Wednesday, April 12, 2006
Sgt. Grumbles, one of Perry Bible Fellowship’s many memorable characters, reminds me of myself vis-a-vis a Cadbury Creme Egg, a treat surpassed only by Sour Patch Kids and gummi fruit slices. The appeal of an Egg, much like the pull to use a word like “vis-a-vis,” lies in its unashamed excess and its shimmering packaging.
One look at the garish foil wrapper and you know: any substantive meaning of Easter is subsumed between those rich folds of something within that chocolate shell. To this day I don’t know what constitutes the white and the yolk, nor do I have any urge to read the list of ingredients. I merely imagine an antiseptic, brightly lit factory in which the dreams of children and adults alike roll off the assembly line, packs of two, the contented clucking of rabbits the only background noise.

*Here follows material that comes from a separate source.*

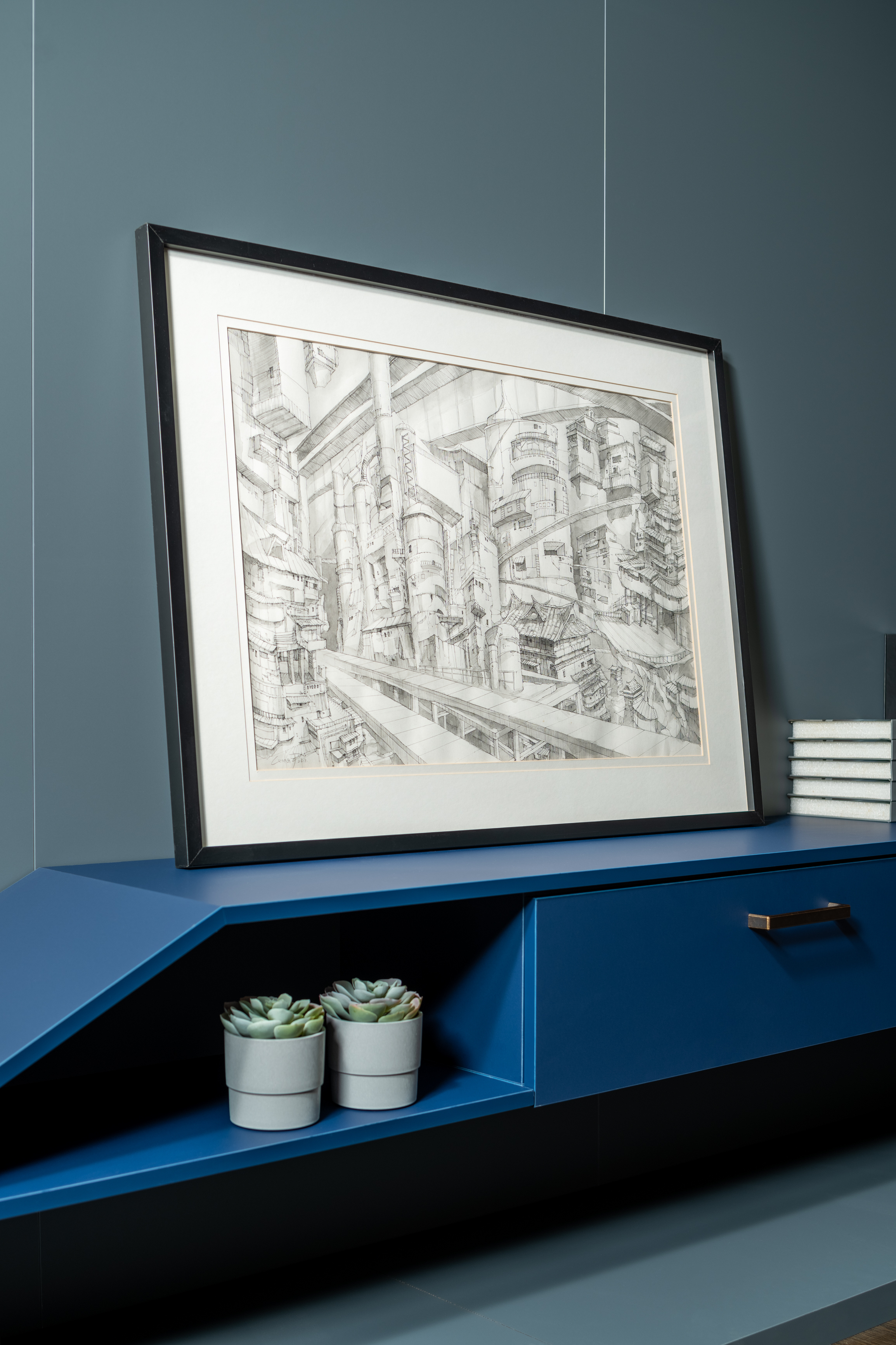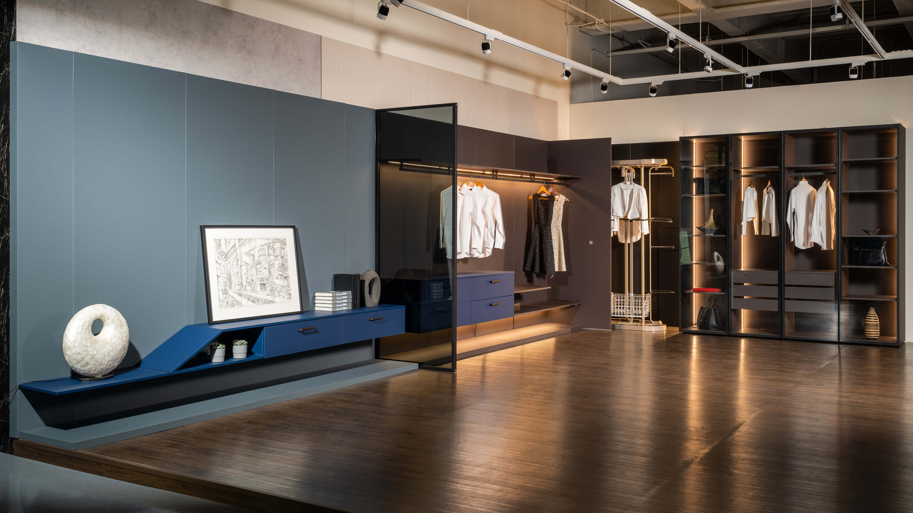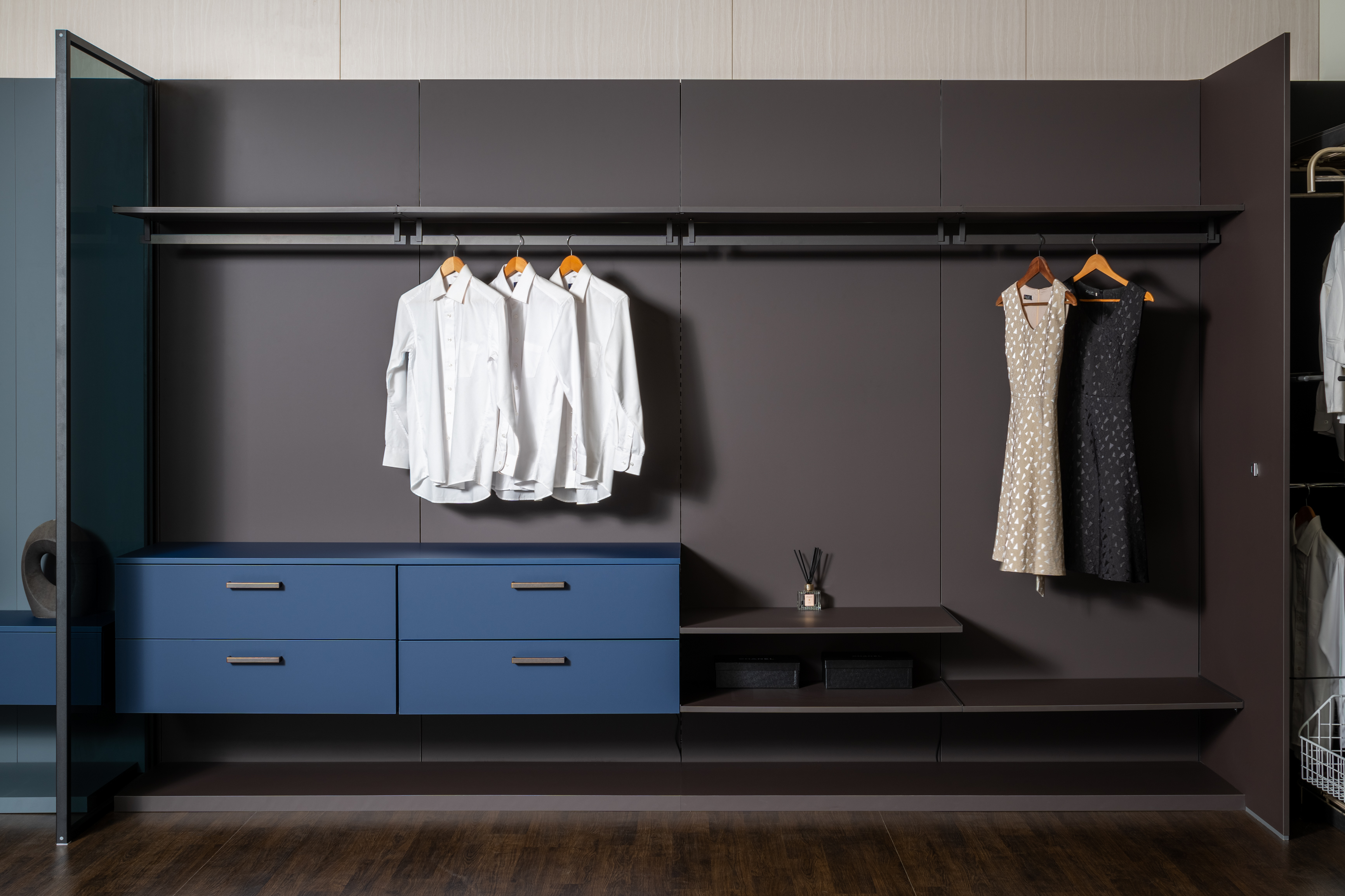 冷調霧藍的起居室,延伸至暖咖的衣帽間,相互對比,彼此輝映出獨具特色的居所。

This recent outing into a culinary dimension without processed sugars has been a spectacular failure. Ice cream, cookies, fries, madeleines, fruit tarts, chocolate tarts, pancakes, deep dish, candy corn–holy Aunt Jemima, I posit I’ve consumed more sugar with the regimen than without it. There’s compelling support for this theory, mainly in the fact that I feel dumber. All the mental acuity gleaned from a healthier diet, gone. I’d just as soon begin typing in grunts, were it not for the selfish, inextinguishable drive to get back on the horse and reclaim that clarity of mind.